Abundant supply of GP-leds expected, in particular on single asset deals, fueled by delayed natural exits at the underlying funds level. The latter results in slower distributions, and likely negative cash flow for LPs, as capital calls outpace distributions. Multi-asset GP-leds will probably be also in high-demand, as secondaries funds are deemed to seek diversification.

Volumes are estimated to surpass 2022, reaching USD 140-150bn if no other major macroeconomic or geopolitical event impacts the market in 2023. One of the factors possibly contributing to it, if private market valuations decline, is a reduced pricing gap (bid-ask); which is still perceived as significant.

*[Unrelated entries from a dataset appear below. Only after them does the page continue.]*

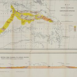 Adelaide, W. C. Rigby (for the Royal Society of South Australia), 1893-1896. Two volumes (of three) in two. 8vo (21.3 x 14.0 cm). 317 pp. [numbered 69-386]; 38 plates (numbered II-XXXIX), of which seven in chromolithography, and three larger, folded. Very large, partly coloured folded map (106.0 x 60.5 cm). Original uniform printed wrappers.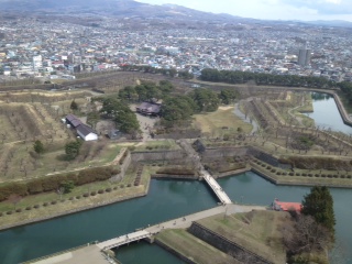 JR函館駅付近の路面電車に乗って行きました。片道220円でした。五稜郭前という駅があります。私はいきませんでしたが、近くに湯の川温泉という温泉街があるそうです。五稜郭タワーにのぼると、五稜郭の星形の地形がくっきりとみえますよ。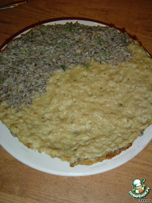 Форму для выпекания смазываем маслом, выкладываем 1/3 часть фарша, разравниваем и выпекаем в духовке 15 минут при температуре 180 гр. Таким образом, получаем 3 коржа.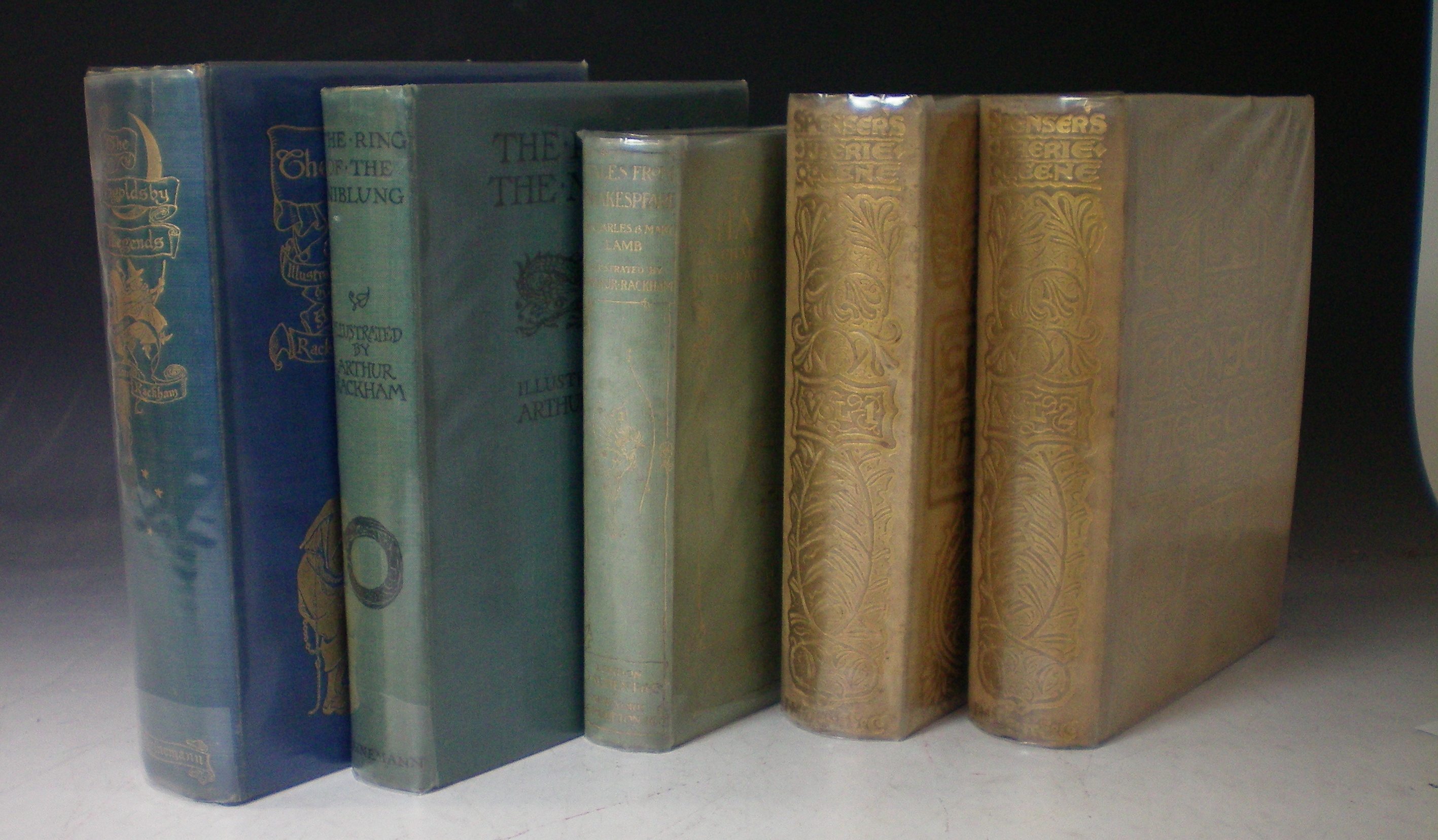 The Ingoldsby legends. London, 1909. 8vo, 24 tipped in colour plates, original blue cloth gilt, some fading to backstrip, some foxing to page edges; [Idem] The Rhinegold & the Valkyrie. London, 1939. 8vo, colour plates, original cloth, some fading to backstrip, interior clean; Lamb, Charles & Mary Tales from Shakespeare. London: J.M. Dent, 1909. 8vo, colour plates, original cloth gilt, t.e.g., browning to endpapers, some discolouration to endpapers; Spenser, Edmund Faerie Queene. London, 1897. 8vo, 2 volumes, one of 1250 volumes, illustrated by Louis Fairfax-Muckley, original cream cloth gilt, inner hinge splitting, some discolouration to cloth, previous owner's ink inscription (5)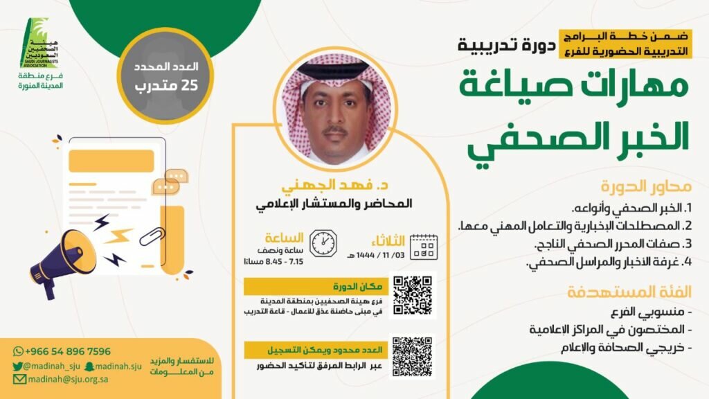 ينظم فرع هيئة الصحفيين السعوديين بمنطقة المدينة المنورة دورة تدريبية في مهارات صياغة الخبر الصحفي الثلاثاء القادم في مقر الفرع بحي الأصيفرين ويقدمها الدكتور فهد الجهني، والتي تأتي ضمن خطة البرامج التدريبية الحضورية للفرع.

As the old saying goes: “a river whose waters are rough rewards the fisherman” … Setting aside all the uncertainty, a favorable upcoming market momentum lies ahead for secondaries. As previous crises have shown, secondaries are usually well placed to perform strongly in or during post-crisis environments. 


Copyright: D.R.

[1] Evercore, Jefferies, PJT ParkHill, Campbell Lutyens and Setter Capital.
[2] Net Asset Value.
[3] Buyout, Growth, Venture and Real Estate.
[4] From 1st of January 2022 to 31st of December 2022. Evercore: 2022 Capital Markets Overview – Equity and Debt Capital Markets.
[5] Fed Funds rate as of February 1st, 2023, lower bound: 4.5%, upper bound 4.75%.
[6] European Central Bank deposit facility as of February 8th, 2023.
[7] Bank of England base rate as of February 2nd, 2023.
[8] That is, the over-allocation to private assets due to a drop in public equities and bonds.